Senior Home Care Blog - Western Cook & Eastern DuPage Counties

Celebrating the Holidays With Someone Who Has Dementia

By Mary L. Doepke, RN

grandma-at-christmas

You feel guilty for even thinking it, but the question still looms: “My loved one with dementia won’t remember the holidays, so should I really go to all the trouble of celebrating with them?”

The simple answer is yes.

With all of the stress of the holidays, it certainly would be easier on just about everyone to leave Mom at home while the family celebrates. After all, she requires your constant attention. But there are several very valid reasons to make the effort.

Now is a Gift in Itself

For someone with dementia, life becomes about enjoying the present moment rather than building memories for later.
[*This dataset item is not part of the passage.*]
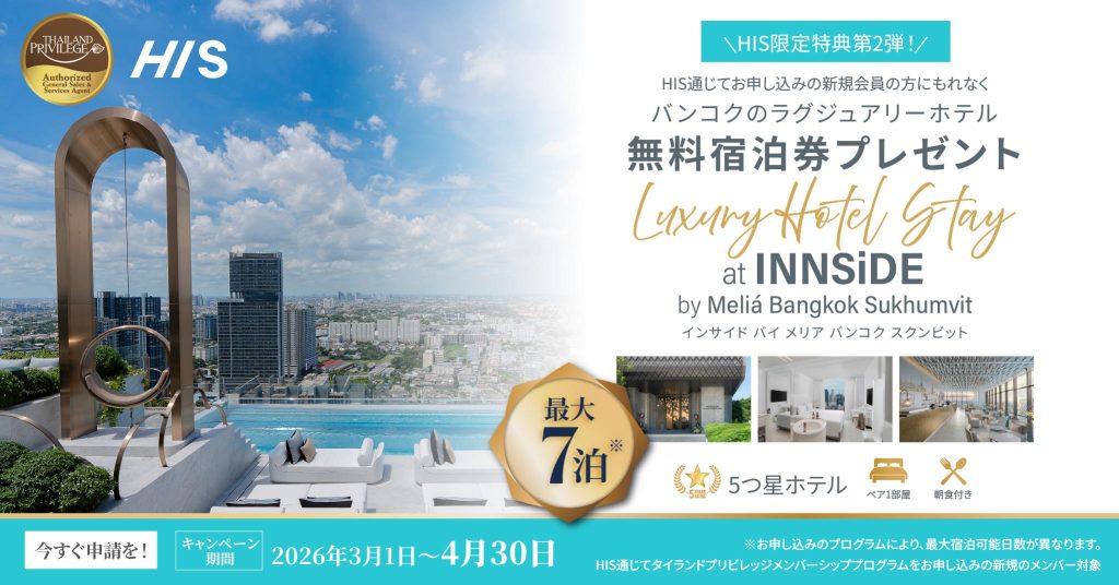 2025年11月1日から12月24日までHISを通じてタイランドプリビレッジプログラムをお申し込みの新規会員の方にバンコクのラグジュアリーホテル無料宿泊券をプレゼントいたします。

She might not remember it by evening, but while she’s surrounded by family, she will feel the joy of those around her.

Make Your Own Memories

Grandpa might not remember, but you will hold the day’s events as new memories, and perhaps some of the last few you will have with your loved one. When he is gone, you will treasure those photos and memories of your last holiday together.

The Children are Watching

You will be setting an example for younger generations. By your actions you will be teaching even the youngest members of the family the importance of caring for aging loved ones.

Tips for a Happy Holiday

No one said it was going to be easy. Holidays can be challenging for those with dementia. To make things easier, consider these tips.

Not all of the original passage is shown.